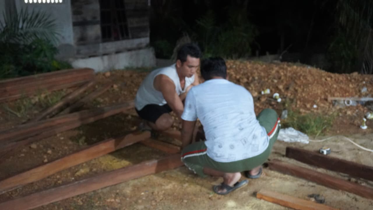 Kegiatan lembur ini dilakukan guna mempercepat penyediaan sarana penampungan air bersih bagi warga sekitar. Personel Satgas terlihat kompak menyiapkan dudukan dan memastikan posisi tandon terpasang dengan kokoh serta aman digunakan.
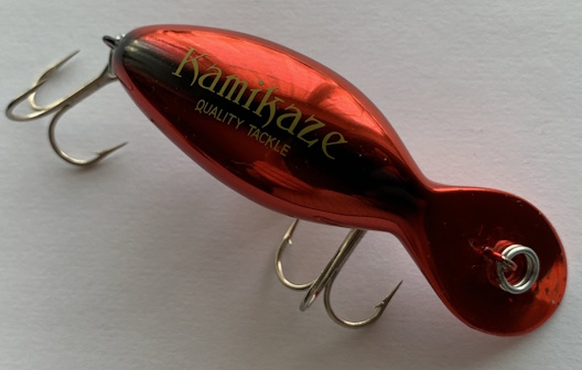 Towards the end of the Heddon years, in fact 1982 to 1984, two variants on the Tadpolly body were manufactured. One had the addition of a clear, bright red plastic tail between the rear hook and the body, presumably borrowed from the Firetail Sonic lure. This gave us the Jointed Tadpolly (9015), which was available in only a very restricted number of colours.
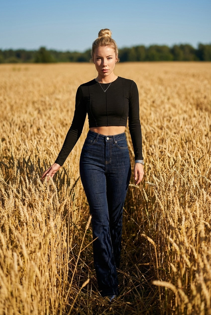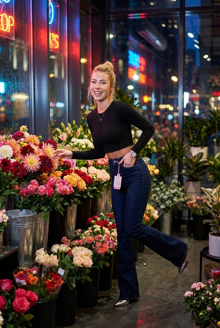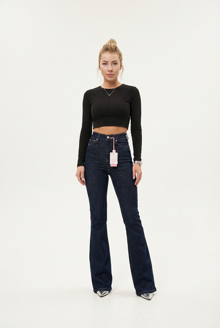 These women’s high-waist flared jeans are designed to create a sleek, elongated silhouette with a modern vintage edge. Featuring a flattering high-rise waist and a fitted hip-to-thigh cut, the leg subtly flares from the knee to balance proportions and enhance leg length.
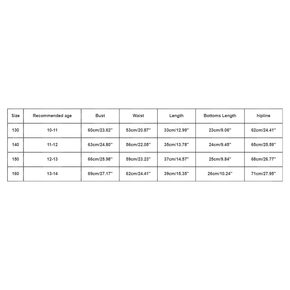 Size:160Recommended age:13-14Bust:69cm/27.17”Waist:62cm/24.41”Length:39cm/15.35”Bottoms Length:26cm/10.24”hipline:71cm/27.95”
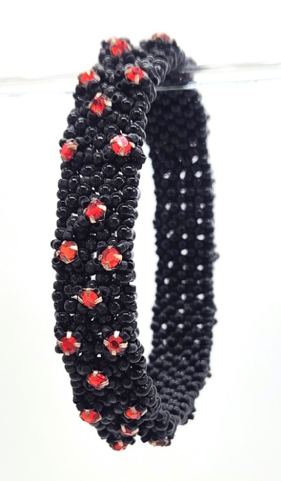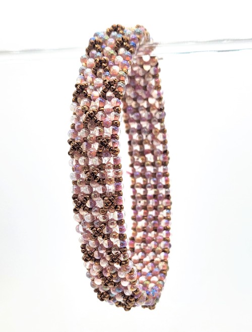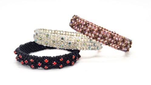 Flat right angle weave with peanuts or round Tohos make up these loving bangles. Each is a little different.

==========

• **To do**
Pictures appear in the records above. Output everything except them, exactly.

• **Task solution**
 Kegiatan lembur ini dilakukan guna mempercepat penyediaan sarana penampungan air bersih bagi warga sekitar. Personel Satgas terlihat kompak menyiapkan dudukan dan memastikan posisi tandon terpasang dengan kokoh serta aman digunakan.
 Towards the end of the Heddon years, in fact 1982 to 1984, two variants on the Tadpolly body were manufactured. One had the addition of a clear, bright red plastic tail between the rear hook and the body, presumably borrowed from the Firetail Sonic lure. This gave us the Jointed Tadpolly (9015), which was available in only a very restricted number of colours.
 These women’s high-waist flared jeans are designed to create a sleek, elongated silhouette with a modern vintage edge. Featuring a flattering high-rise waist and a fitted hip-to-thigh cut, the leg subtly flares from the knee to balance proportions and enhance leg length.
 Size:160Recommended age:13-14Bust:69cm/27.17”Waist:62cm/24.41”Length:39cm/15.35”Bottoms Length:26cm/10.24”hipline:71cm/27.95”
 Flat right angle weave with peanuts or round Tohos make up these loving bangles. Each is a little different.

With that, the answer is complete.